Les investissements pour protéger les zones de captage et prévenir les pollutions doivent être privilégiées aux solutions curatives pourtant indispensables face aux nombreuses pollutions affectant la ressource. Les paysans et agriculteurs doivent être accompagnés dans cette transition pour ne pas se retrouver face au mur des crises climatiques, mais aussi pour ne pas aboutir à un éloignement des citoyens qu'ils nourrissent et à de nouveaux conflits d'usage.
De la même manière, les pratiques agricoles favorisant une plus faible utilisation de l'eau et son maintien dans les sols (plantation et gestion durable des haies, maintien des couverts végétaux, baisse des cheptels bovins, changement de variétés, etc.) doivent également être encouragées.

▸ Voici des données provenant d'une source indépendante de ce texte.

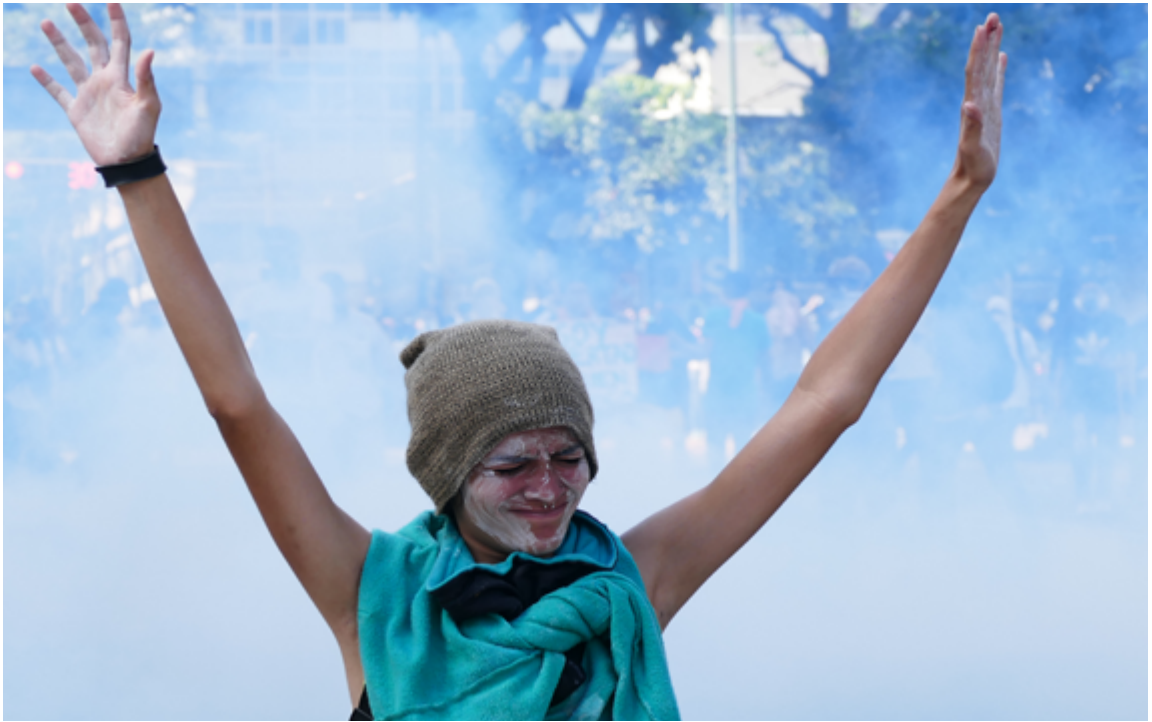
Manifestante pacífica expuesta a gases lacrimógenos en Venezuela.

y funcionarios encargados de hacer cumplir la ley deben procurar tomar medidas que afecten sólo a quienes participan en actos de violencia. Únicamente en caso de que la violencia esté tan generalizada que ello resulte ya imposible será admisible utilizar un tipo de arma de efecto indiscriminado. 14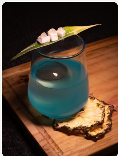
COCO BONGO , ron infusionado en aceite de coco, jugo de piña clarificado, syrup simple y mezcal. $8.990

ESPECIALES QUE SOLO TIENES EN NUESTRA CASA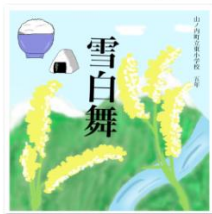
雪白舞パッケージ (山米) .jpg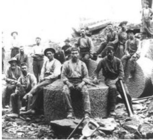
Imagen 10 Obreros de raza blanca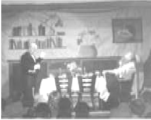
Dinner For One / Commanders Dinner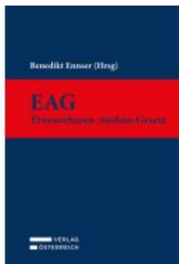
EAG - Erneuerbaren-Ausbau-Gesetz Ladenpreis: 89,00EUR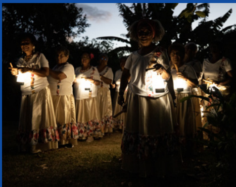
Soirée de restitution artistique du 3 décembre 2022 à St-Philippe

La soirée fut pleine d'échanges et de partages constructifs, de restitutions artistiques, avec un repas et un concert acoustique à la lueur des photophores.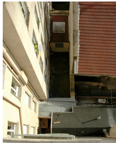
La cour vue depuis le 279 rue de Créqui IVR82_20076900448NUCA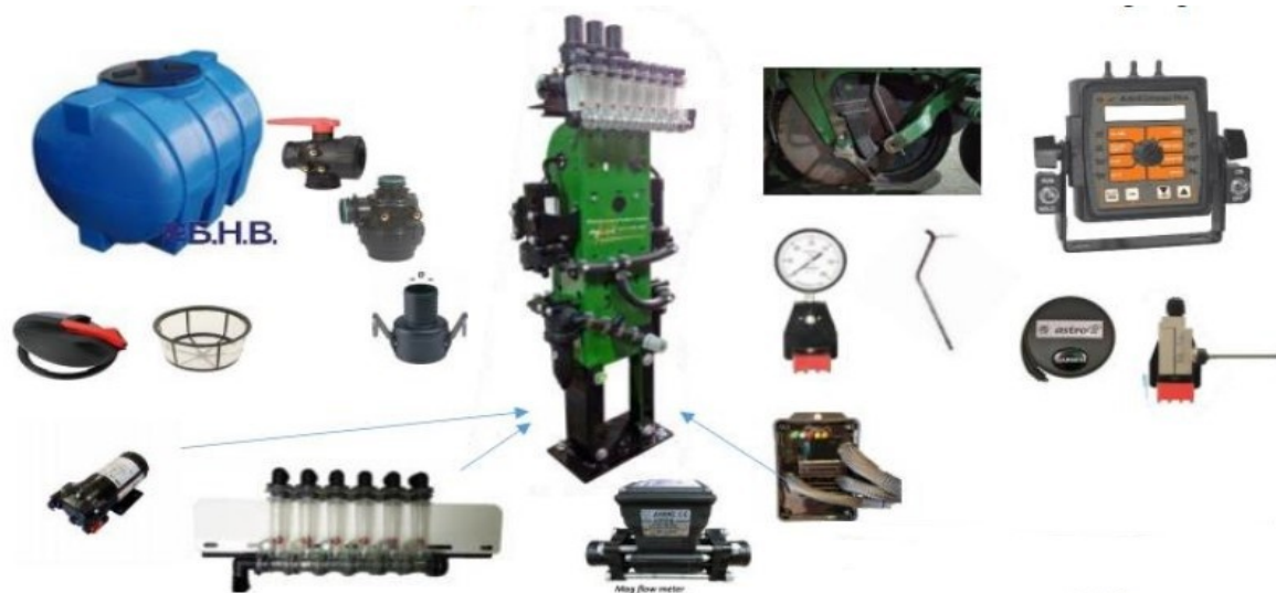
Схема комплектації системи автоматичного керування «GX1-AutoX»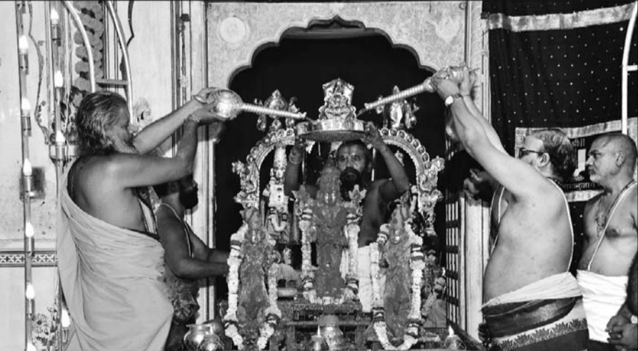
उत्तर भारत की प्रमुख श्री वैष्णव पीठ उत्तर तोदाद्रि मठ श्री गलताजी में ब्रह्मोत्सव के दूसरे दिन विभिन्न दिव्य आयोजन हुए। प्रातः शांति पाठ, द्वारा तोरण पूजन, चतुःस्थान अर्चन, मूलमंत्र व मूर्तिमंत्र हवन किया गया। इसके बाद पंचसूक्त से हवन की पूर्णाहुति की गई।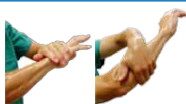
Bien répartir le produit sur les mains, avant-bras et coudes, ainsi que les bras lors de chirurgie abdominale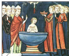
Ἡ βάπτισις τοῦ Βασιλέως Χλοδοβίκου.

Ἔτσι, κέρδισε τὴν ἐκτίμησι τοῦ Βασιλέως τῶν Βουργουνδῶν Γκοντεμπῶ καθὼς καὶ τοῦ Βασιλέως τῶν Φράγκων Χλοδοβίκου, τὸν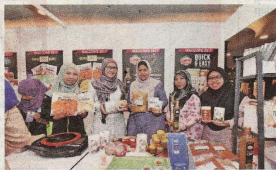
Pelbagai produk koperasi telah berjaya menembusi pasaran antarabangsa.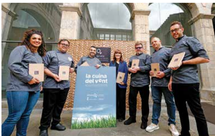
NOU COMPROMÍS. Per promocionar el segell els 365 dies de l'any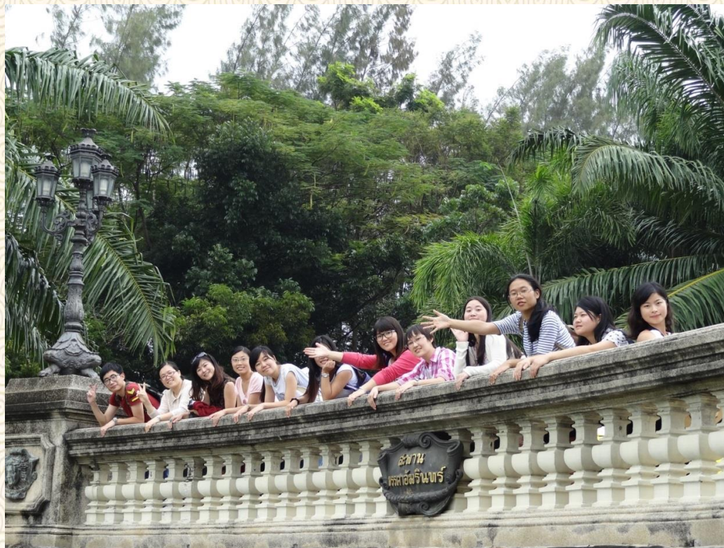
在易三仓大学的长廊上向你招手

泰国之行，让人印象最为深刻的是朱拉隆功大学教育学院的图书馆。图书馆内设备先进，设施齐全，最喜爱那图书馆内的座椅——按照人体工程学原理设计，坐起来十分舒适，并且还放在明亮的落地窗旁边。可以想象捧一本发黄的原文书，坐在舒适的椅子上，在冬日的午后一边晒太阳，一边品味经典，那是怎样的享受啊！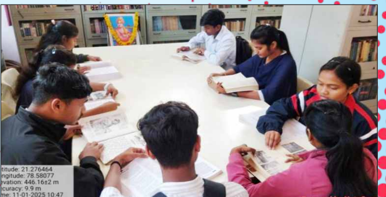
स्वामी विवेकानंद जयंतीनिमित्त अध्ययन करताना विद्यार्थी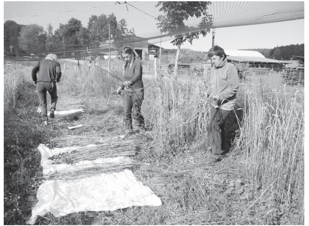
De kijktuin met oude graansoorten op Hof Ulenkrug in Mecklenburg. Elk jaar oogsten we met de hand rond de honderd verschillende graansoorten uit de collectie van het Noodcomité voor het behoud van de tarwediversiteit.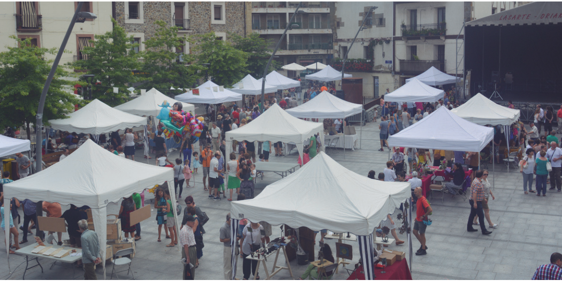
60 postutik gertu ikusi ahal izan zituzten herritarrek atzoko Santa Anako XXXI. azokan.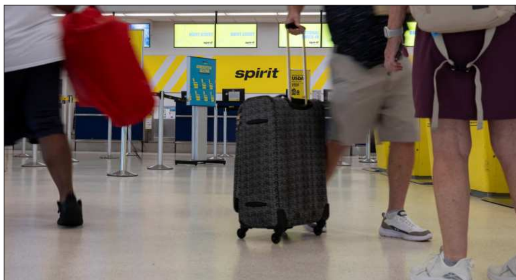
▲ El efecto de la desaparición de Spirit fue inmediato: la salida del mercado de la low-cost sirve como ejemplo de la espiral inflacionaria desatada por las decisiones de Trump.

Sin tener ninguna responsabilidad en las conductas erráticas del mandatario estadounidense ni participación en las iniciativas imperiales de Washington, México también resiente los efectos del trumpismo: debido a la guerra contra Teherán y la incertidumbre global sembrada por el magnate, entre enero y marzo el producto interno bruto de nuestro país cayó 0.8 por ciento respecto al trimestre inmediato anterior, retroceso acompañado por una menor confianza de los consumidores en la economía. Aunque a primera vista la crisis energética europea y los sobresaltos económicos de México parezcan eventos aislados, con una mirada de conjunto se vuelve evidente que ambos hechos constituyen una advertencia acerca de la necesidad global de reducir la exposición a las decisiones tomadas en la Casa Blanca y a reforzar un auténtico multilateralismo que evite al mundo quedar a expensas de la oligarquía estadounidense.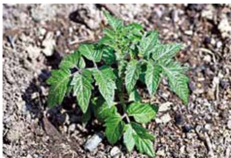
Zelený SWAP.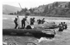
FARÖNKÖK A DUNÁBAN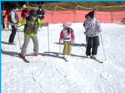
スキーレッスンに参加！一本スキーに挑戦！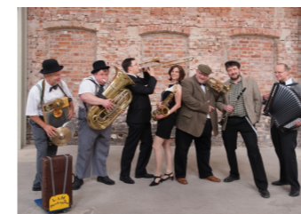
LAUREL & HARDY'S DIXIE BAND New Orleans-Dixieland-Music "Goldene Krone"/Markt 7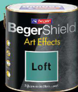
สูตรน้ำมัน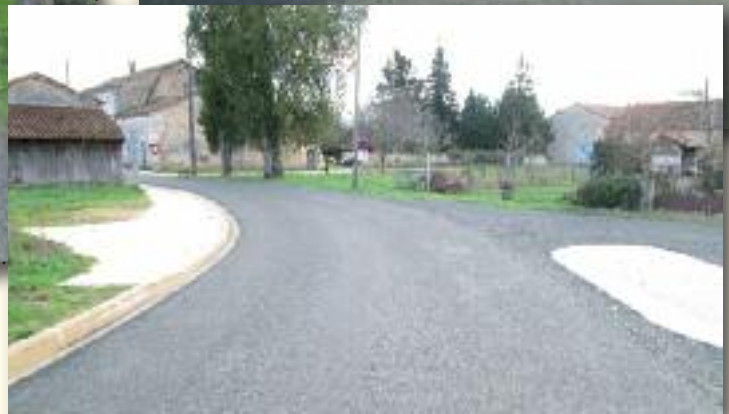
Été 2018 : aménagement du Bourg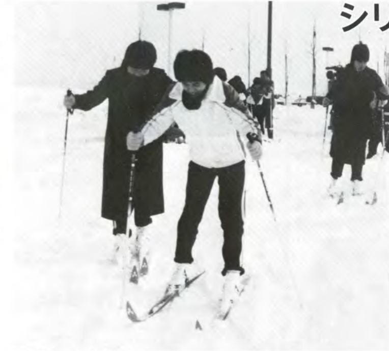
「歩くスキーも楽しいわね」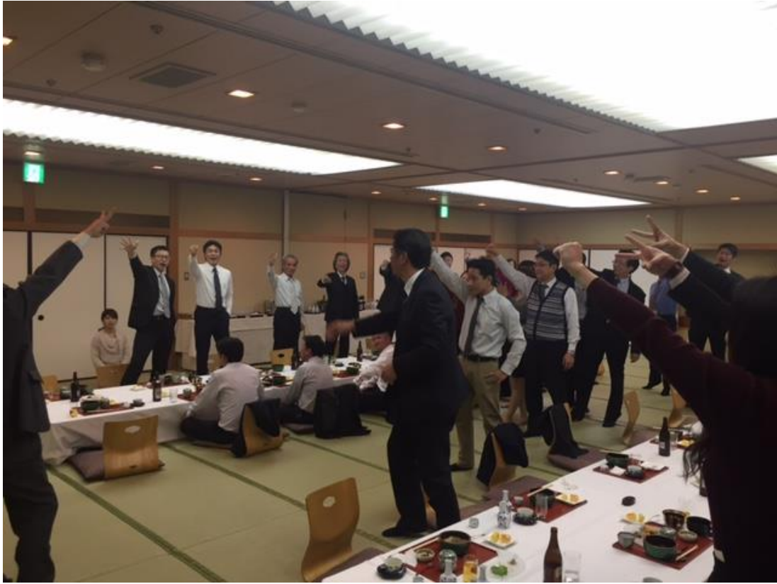
盛り上がったジャンケン大会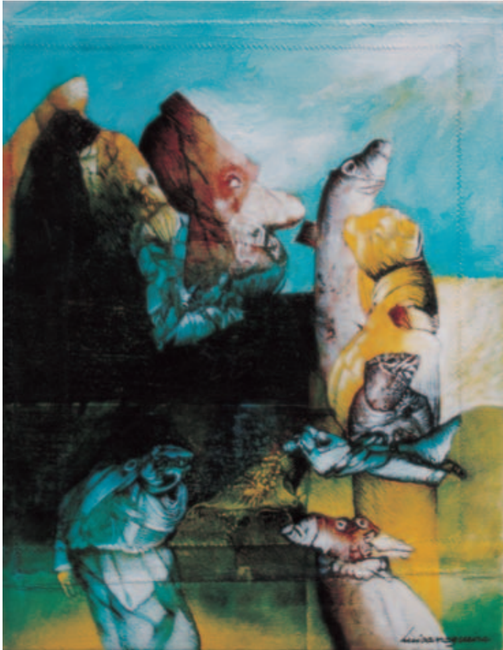
Luisa Nogueira: Óleo sobre lienzo.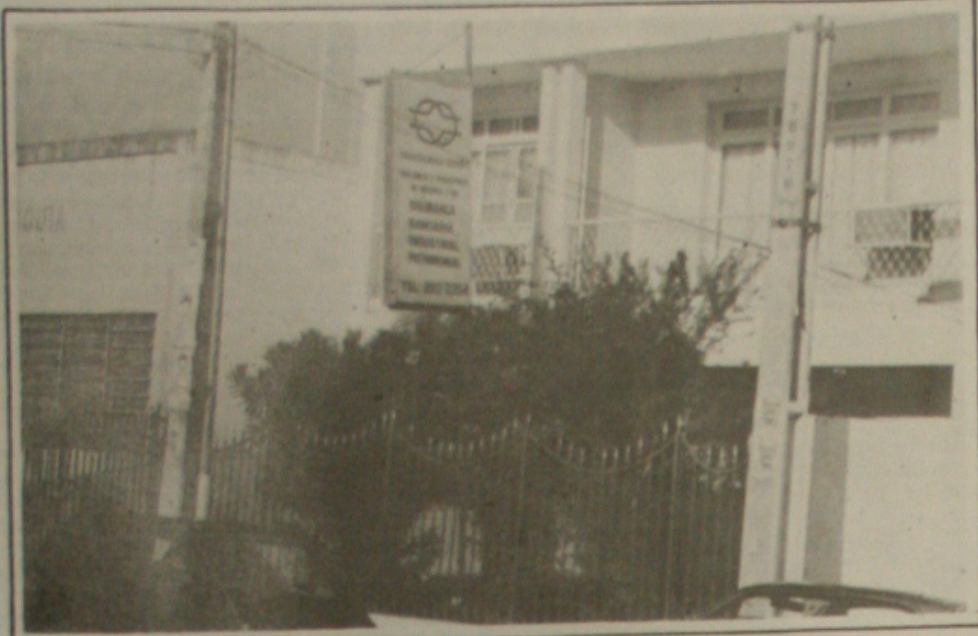
As empresas de vigilância instaladas no Estado estão sob fiscalização da Polícia Federal.

Duas empresas de vigilância no Estado poderão ser fechadas pela Polícia Federal. A informação é do superintendente do Departamento de Polícia Federal em Sergipe, Juliano Maciel que solicitou ao Departamento de Assuntos de Segurança Pública, órgão vinculado ao Ministério da Justiça, a suspensão temporária destas empresas por desrespeito à legislação.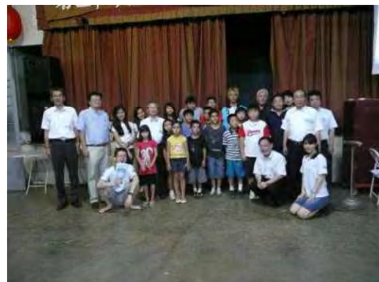
訪問団と日本語学校の生徒達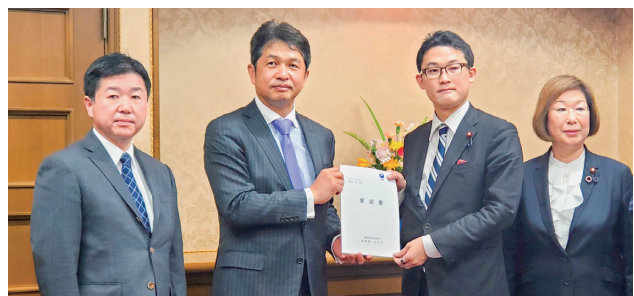
藤原財務大臣政務官への要望

C'est vrai également pour les activités industrielles qui doivent être orientées sur le chemin de la sobriété et de la protection qualitative de la ressource.
Enfin, pour le groupe écologiste, la mise en place d'études scientifiques en amont de tous projets affectant le cycle de l'eau et le partage des ressources semble indispensable. Notre pays, fort d'une recherche d'excellence dont les moyens doivent être renforcés, doit davantage associer et écouter les scientifiques en amont des prises de décision. Il semble aussi indispensable que le Gouvernement fasse confiance aux citoyens, aux scientifiques, les ONG et les élus nationaux comme territoriaux.
L'eau est un bien commun et une nécessité vitale. Nous pensions qu'en France, elle était suffisante et accessible à tous et en toutes saisons. Il faut désormais apprendre la sobriété et trouver les voies d'une gestion et d'un partage démocratique dans notre pays et dans les échanges internationaux. Ce rapport donne des clés concrètes, c'est un bel espoir pour la mobilisation de chaque partie prenante et pour notre avenir commun.